Published on January 2017 | Categories: Documents | Downloads: 5 | Comments: 0



Poor quality of Education in Government schools- an analysis
Dhirendra Mishra- [email protected] Poornima Institute of Engineering Technology, Jaipur and

Quality of Education involves a whole set of issues which need to be addressed:
what is the expectation of a student, of a parent and of a nation, of its young ones? What do we expect our children to be as they grow up? What kind of learning should they embrace? Should learning continue to be a one way process, where the teachers provide the answers, and the children merely absorb the answers; or, should the process of learning be more interactive, participatory and experiential? It is the high time for us to think about the quality of learning that lays the foundation for minds that are free of prejudice. We need to lay the foundations of children’s minds that like to fly, to dream and mind of a genius that needs to flower. Are we allowing our school education system to move in that direction, where the minds of our young ones are free to question, free to take a flight, free to seek answers and perhaps to provide them? And if our education structure in sync with those goals, we need to ask ourselves whether the education system that is prevalent today, is the best way of imparting education to our child? The story of India’s educational achievements is one of mixed success. On the down side, India has 22 per cent of the world’s population but 46 per cent of the world’s illiterates, and is home to a high proportion of the world’s out of school children and youth.
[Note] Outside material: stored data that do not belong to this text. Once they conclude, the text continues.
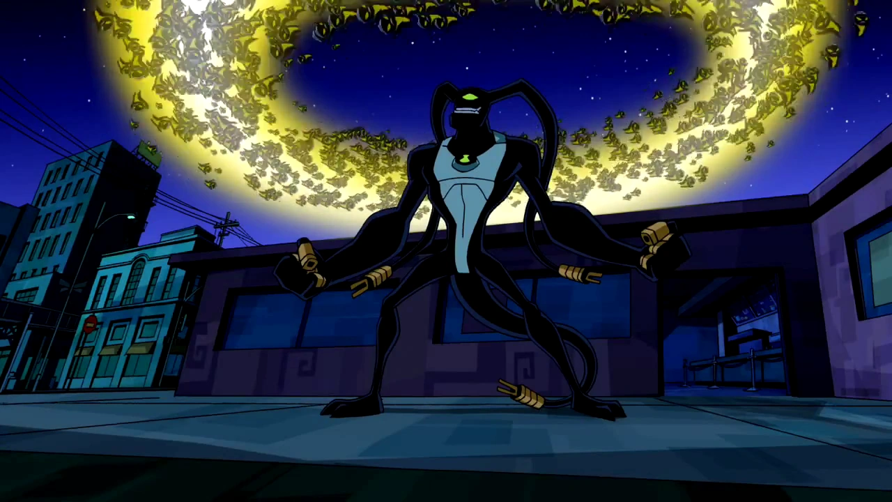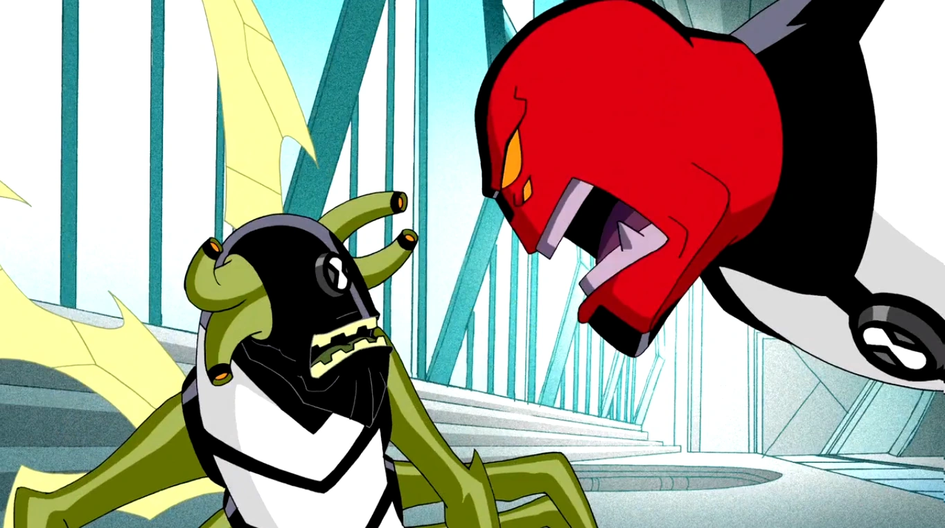 Depois de Ben mencionar o jogo, Kevin tem uma idéia e irem os dois para um tanque de armazenamento perto das docas, onde Kevin usa seu poder para quebrar a porta de segurança e mostra a Ben o lugar onde o novo jogo é mantido. Mas eles são descobertos pela polícia, e depois de uma tentativa fracassada de escapar com o jogo, Ben torna-se Insectóide que começam a voar junto com Kevin.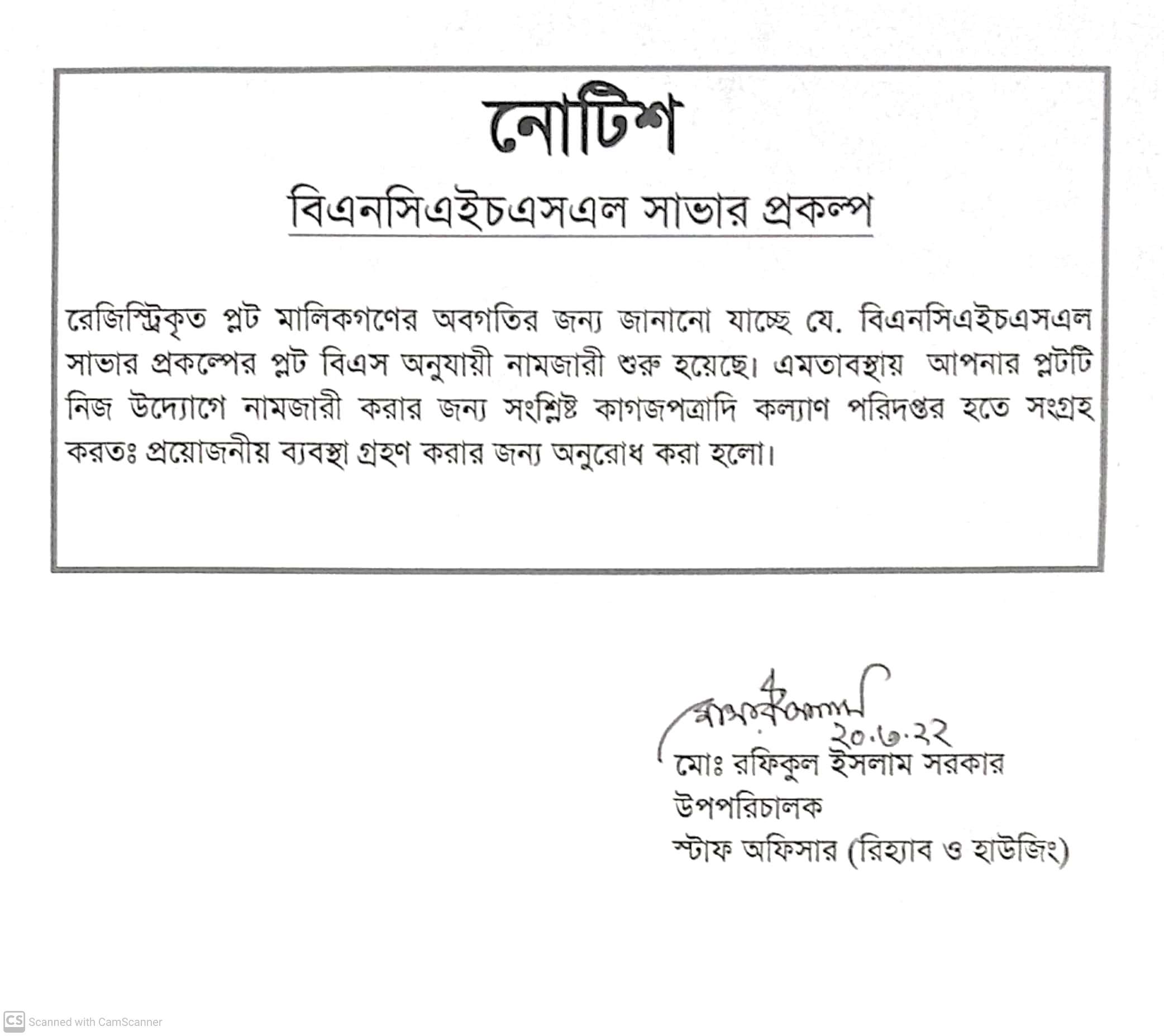 বিএনসিএইচএসএল সাভার প্রকল্পের প্লটসমুহের নামজারি করন প্রসঙ্গে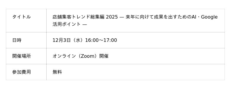 2025年12月3日(水)16:00より、『店舗集客トレンド総集編 2025 - 来年に向けて成果を出すためのAI・Google活用ポイント -』セミナー(無料)を開催いたします。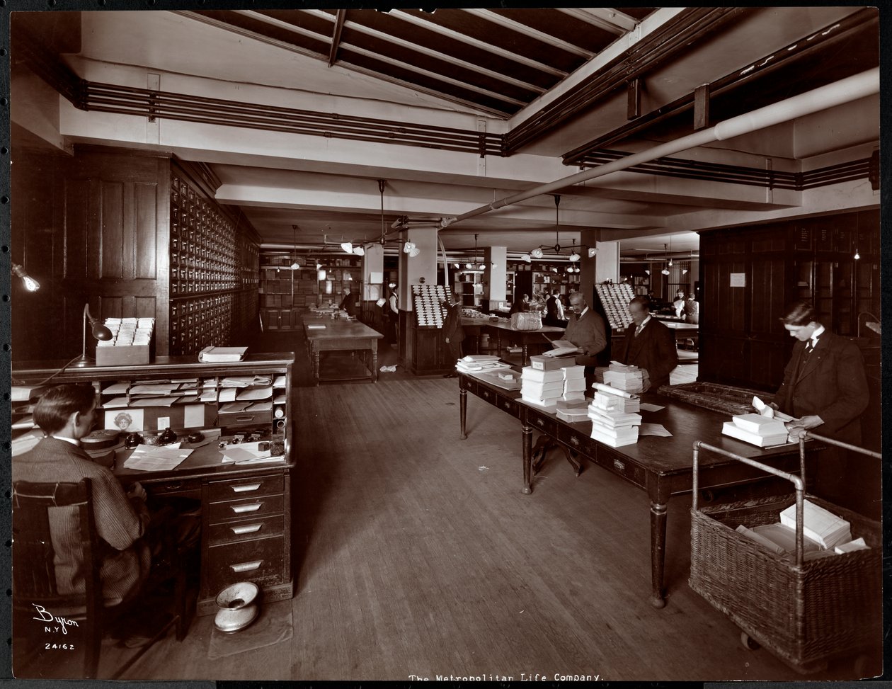 Men working in a sorting room at the Metropolitan Life Insurance Co. at 23rd Street and Madison Avenue, New York, 1907(Men working in what appears to be a sorting room at the Metropolitan Life Insurance Co. at 23rd Street and Madison Avenue, New York, 1907 (silver gelatin print))Byron Company |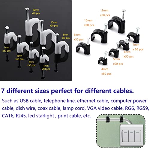 Coolty 600 Pezzi Fermacavi Rotondi, Chiodini Fermacavo, 7 Diverse Dimensioni - 4mm/5mm/6mm/7mm/8mm /10mm /12mm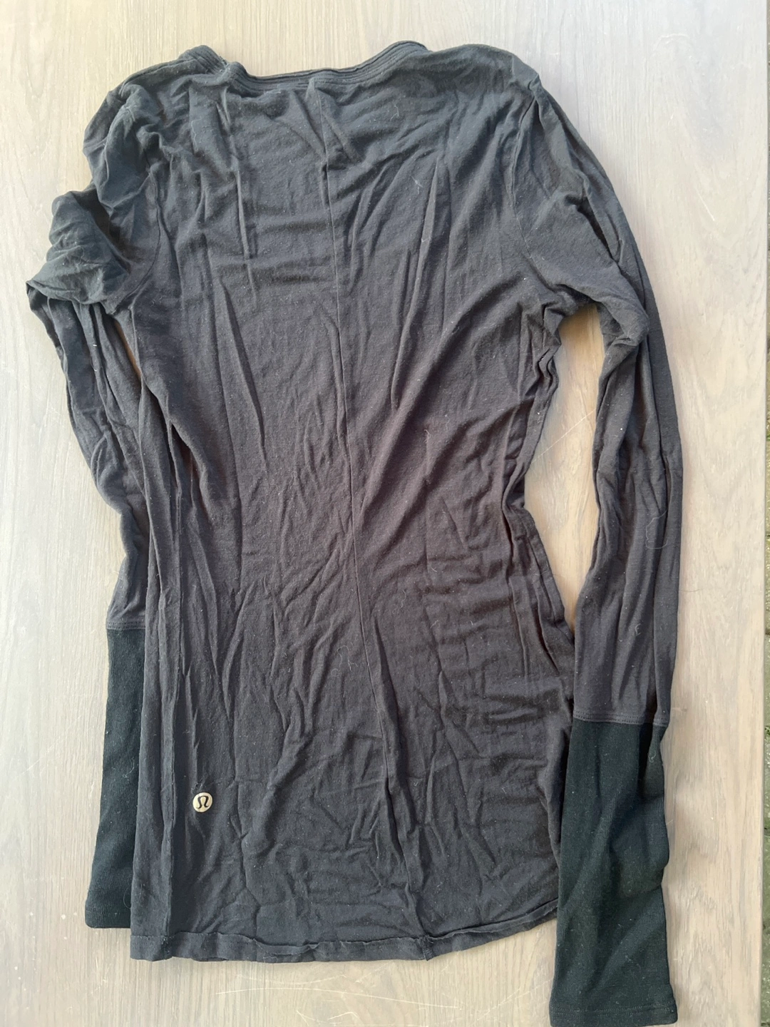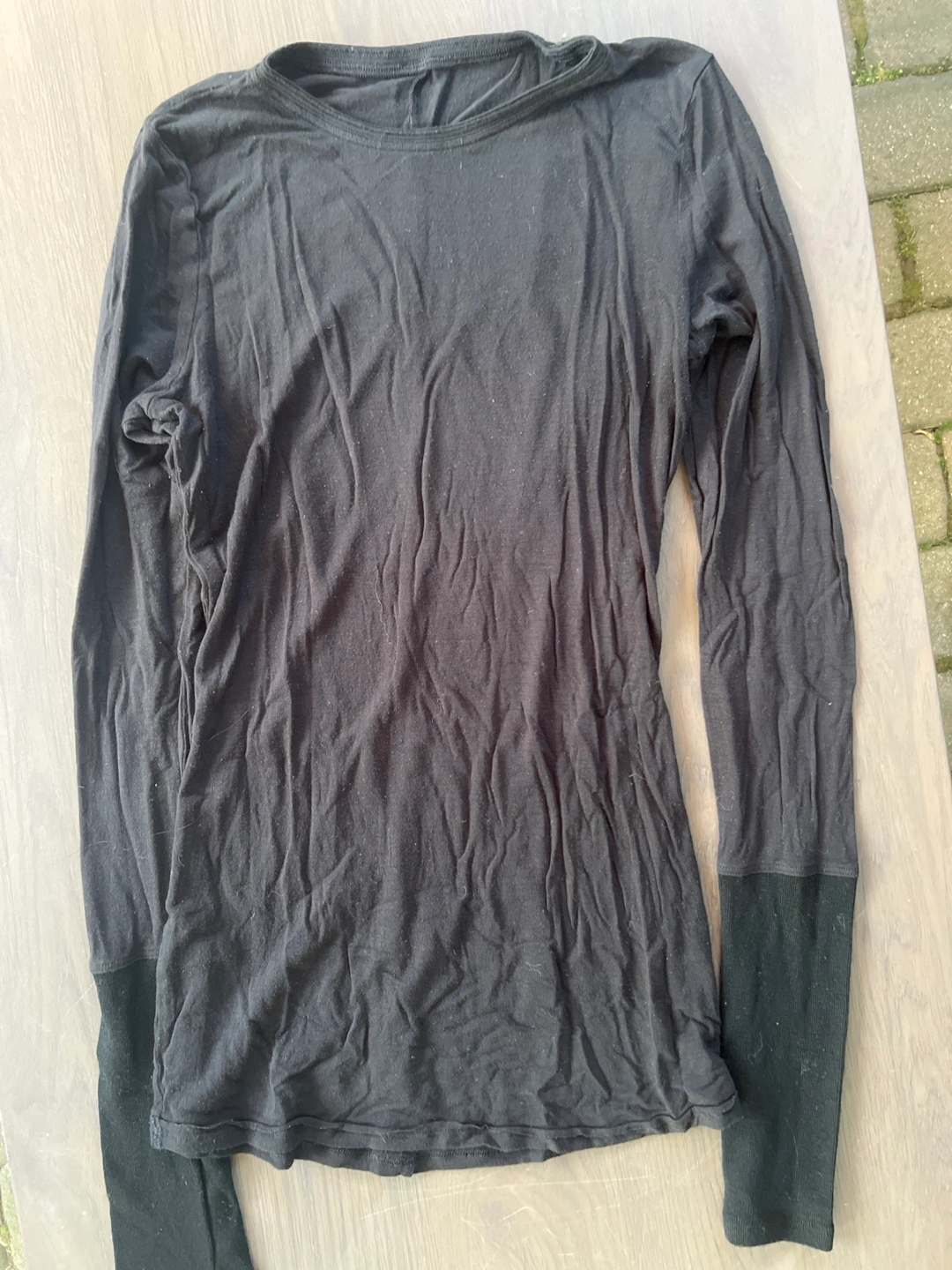 A black long-sleeve top. Featuring long sleeves with darker fabric at the cuffs. The neck appears to be a crew-neck. It is soft to the touch, perfect for yoga or a cozy afternoon at home.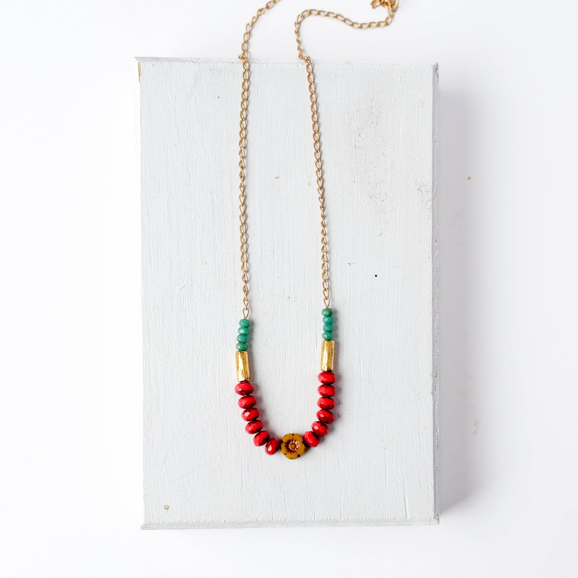 An adjustable necklace with a 2-inch extension for versatility. It features bright red glass beads, a small 5mm mustard-colored glass flower, antique gold-plated beads, and tiny turquoise accent beads. The chain is 24K matte gold-plated with a brushed satin finish. Handmade in Vermont.

On the positive side, it has made encouraging recent progress in raising schooling participation, while the base of India’s education pyramid may be weak. The government have realized that to

achieve the goal of literacy missions, it is important to mobilize and motivate people in rural areas. Under the Sarva Siksha Abhiyan, the government have opened 2.88 lakh schools

and that 98 per cent of our habitations have primary schools within a distance of one kilometre. But, what happens as the children move up? What about the drop-out rates? Why the dropouts? Is it enough to have primary schools in our 98 per cent habitations? Every child, even if born and brought up on the streets, learns to walk on his own, feel, and to speak. Is that our government’s goal, or, is education much more than that? If children are bored of learning in schools and feel like abandoning their studies, it should make us look at the formal education system more critically. Although, it is not easy to convince teachers to give up old styles of functioning. To cultivate an atmosphere where teachers implement new teaching styles, the original training will need to be followed up with ‘boosters’. Their experiences will need to be recognised and their doubts and problems addressed. Examinations will have to be redesigned to support these curricular changes. The root cause for the declining interest of students for education in government school is traditionally followed pattern of learning. The absence of qualified and regular school teachers; who neither motivates students in the right direction of their prosperity nor they seek their duty with full dedication. The load of non-teaching work and administrative demands that de-motivate government school teachers should be re-examined seriously.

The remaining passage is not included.